Correct me, if I'm wrong, but I think you are missing some skill points. Yours add up to 16, i.e. 2 per level *4 + 1 INT bonus *4 + 4 human bonus points at first level, but doesn't the Samurai get 4 per level?


Folkert

P.S.: No fair, stealing my concept of a naginata-wielding Kaiu samurai.


----------



## Tokiwong (Jan 23, 2003)

You are right, he does need 4 more points, outside of the four spent on Tumble


----------



## Douane (Jan 23, 2003)

Tokiwong said:
			
		

> *You are right, he does need 4 more points, outside of the four spent on Tumble *




Am I totally off in my assumption that he should have 8 more skill points?
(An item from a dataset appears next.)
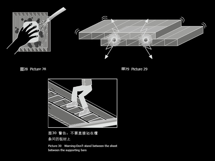 1. 安裝或維護(hù)中空板材時(shí),要注意板材不適于承受一個(gè)人重量的集中荷載當(dāng)在任何種類采光屋面上工作時(shí),建議使用梯子或防滑踏板。

4 per level *4 + 1 INT bonus * 4 + 4 human bonus = 24?

[Edit: Sorry, Tokiwong! Didn't mean to sound cranky or insulting! It's just 5.30 AM over here and I'm kinda tired. ]

Folkert


----------



## Tokiwong (Jan 23, 2003)

Douane said:
			
		

> *
> 
> Am I totally off in my assumption that he should have 8 more skill points?
> 
> ...




you are correct


----------



## Tokiwong (Jan 23, 2003)

_Picture of Gunso Sensei Basho, minus the horse._


----------



## Chauzu (Jan 24, 2003)

My bad, that 4 Tumble threw me off. It's supposed to be only 2 Tumble since it's not a class-skill, which mean I need 4 more skillpoints for...  Battle


----------



## Tokiwong (Jan 24, 2003)

Chauzu said:
			
		

> *My bad, that 4 Tumble threw me off. It's supposed to be only 2 Tumble since it's not a class-skill, which mean I need 4 more skillpoints for...  Battle *




alright it looks good


----------



## Lichtenhart (Jan 24, 2003)

*Iuchi Kaiji*
*Shugenja 1*
*CR:* 1
*Clan:* Unicorn
*Alignment:* Neutral Good
*Honor:* 3
*STR* 10 
*DEX* 14
*CON* 12
*INT* 12 
*WIS* 12
*CHA* 16
*Massive Damage Threshold:* 12
*Hit Dice:* 1d6+1
*Hit Points:* 7
*Speed:* 30 feet
*Initiative:* +2
*Armor Class:* 12 (+2 DEX) 
*Base Attack Bonus:* +0
*Saving Throws:* FORT +1; REF +2; WILL +3
*Attack:* +0 Bo 1d6 20/x2, +2 Sling 1d4 20/x2
*Special Qualities:* 1 extra skill point per level, Element Focus (Water), Sense Elements 10', Training Benefit (Gatherer of Winds)
*Skills:* Concentration (4) +5, Diplomacy (4) +7, Heal (4) +5, Knowledge (Elements (3) +4, Fortunes (3) +4, Shintao (2) +3), Spellcraft (4) +5
*Feats:* Combat Casting, Dancing with the Fortunes (Hotei)
*Spells per day:* 0) 5 1) 4
*Spells Known:* 0) Commune with elements, Minor Blessing of Inari, Moment of Peace, Summon Water, Wisdom of the Fortunes; 1) Castle of Water, Heart of Nature, Path to Inner Peace.
*Equipment:*................................
*Description:* Kaiji is an easygoing, kind and compassionate young shugenja that just loves his life, his talents and be as one with the kami and the nature. He had his basic training at Gatherer of Winds Castle, then followed his Sensei into Crab lands, enjoying every bit of his travel. He feels protected by the kami and the fortunes, and this feelings gives him the strenght and the courage not to back away from perils and adventures. He's always eager to use his talents to help the othersand make them feel better, no matter their caste.


----------



## Tokiwong (Jan 24, 2003)

looks good that makes two


----------



## Tokiwong (Jan 24, 2003)

*Tentative Start Date*

*Tenative Start Date:* The 27th of January, is when I plan to post the first IC Thread for the game, so I need characters beforehand, so we can work out any background issues and such.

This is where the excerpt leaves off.